Comparative Analysis of Levenberg--Marquardt Algorithm and Particle Swarm Optimisation for Time Series and Regression Tasks
This paper analyses how the Levenberg--Marquardt backpropagation algorithm (LMA) and the Particle Swarm Optimisation (PSO) can be used as a training algorithm of Artificial Neural Networks. In this view, four data sets (two of them for time-series analysis and the other two for fitting applications) were tested with different ANN architectures. The comparison between the two algorithms was made in terms of lower Mean Squared Error (MSE) value and in terms of the coefficient of correlation (R). Our results showed that the LMA worked better for time-series analysis and PSO for data fitting tasks.

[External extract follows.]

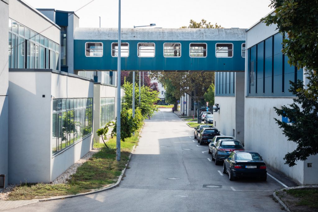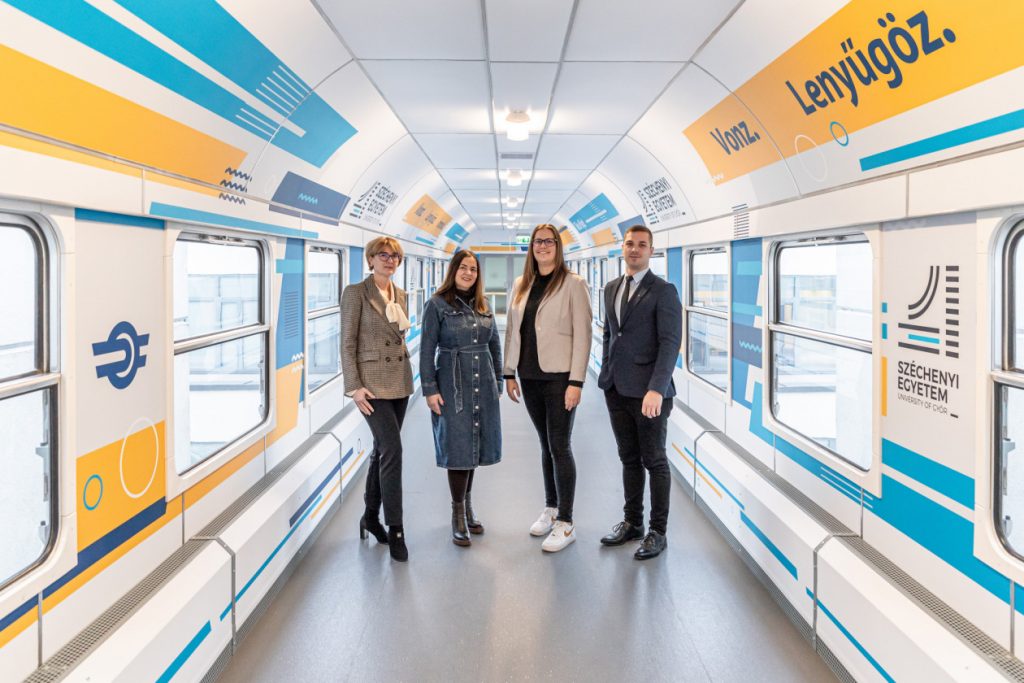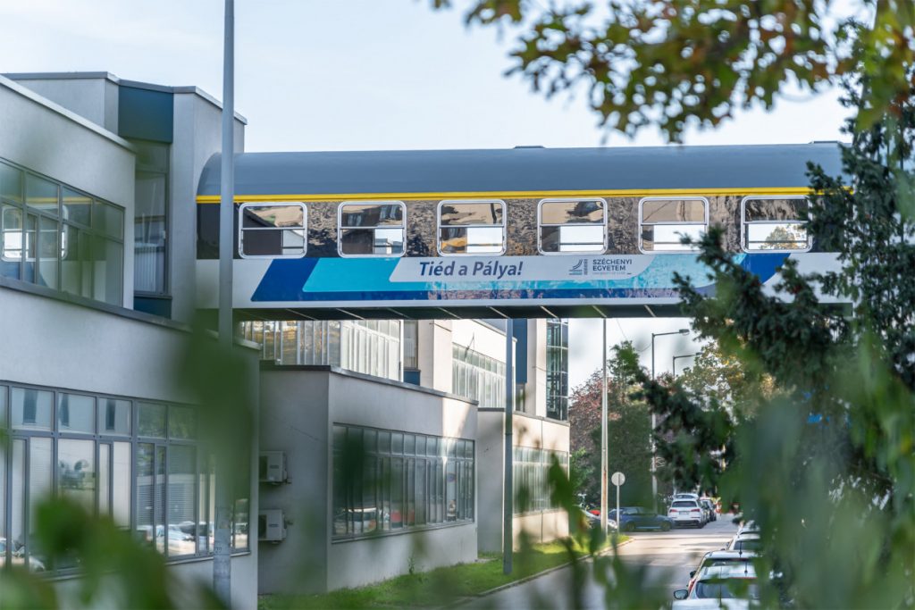 A győri Széchenyi István Egyetem központi tanulmányi épületét és laborjait 1975 óta köti össze egy függőfolyosóvá alakított vasúti kocsi. Ennyi idő alatt még egy helyben álló vasúti kocsi is sokat képes romlani, de most az egyetem és a MÁV-Volán csoport közösen kívül-belül felújította.

This study highlights two important concepts: time-series analysis and data fitting. It includes using two data sets: milk production and urban traffic behaviours in the São Paulo data set for time-series analysis and QSAR fish toxicity and wine data set for data fitting.
The experiments were conducted altering the number of neurons in the hidden layer. Two optimisation algorithms (Levenberg-Maquardt algorithm and Particle Swarm Optimisation) were used for both tasks. LMA worked better for time-series analysis and PSO for data fitting tasks. This could be due to the ability of PSO to handle high dimensionality of data than LMA.
On the one hand, the LMA algorithm was more stable than the PSO algorithm, especially in regression tasks; however, for the same accuracy, the PSO algorithm required a lower number of hidden units in the red and white wine data sets, as can be seen in the following table:
LMA | PSO | |||||
---|---|---|---|---|---|---|
Data set | No. Hidden | Best MSE | R | No. Hidden | Best MSE | R |
Traffic | 4 | 0.0584 | 0.9870 | 4 | 101.7226 | 0.2068 |
Milk | 4 | 1.2323 | 0.9937 | 12 | 2152.8343 | 0.8150 |
Fish | 4 | 0.6901 | 0.7446 | 7 | 0.7354 | 0.7289 |
Red wine | 15 | 0.4813 | 0.5534 | 7 | 0.4779 | 0.5430 |
White wine | 20 | 0.4788 | 0.4660 | 7 | 0.5020 | 0.4176 |
As future work, we are going to test the PSO algorithm with different parameters, different velocity update equations and different topologies of swarms.
Before using the algorithms to find the optimal ANN's weights, feature selection methods were used for this study and were based on the variance of each feature and on its rank based on its p-values of F-test statistics.
Although for other data sets, combination of the average MSE and R value have suggested neural networks in the way that both were pointing to the same network architecture, this may not always be the case. Finally, it can be concluded that selection of algorithm is dependent on the type of task, as seen in the study.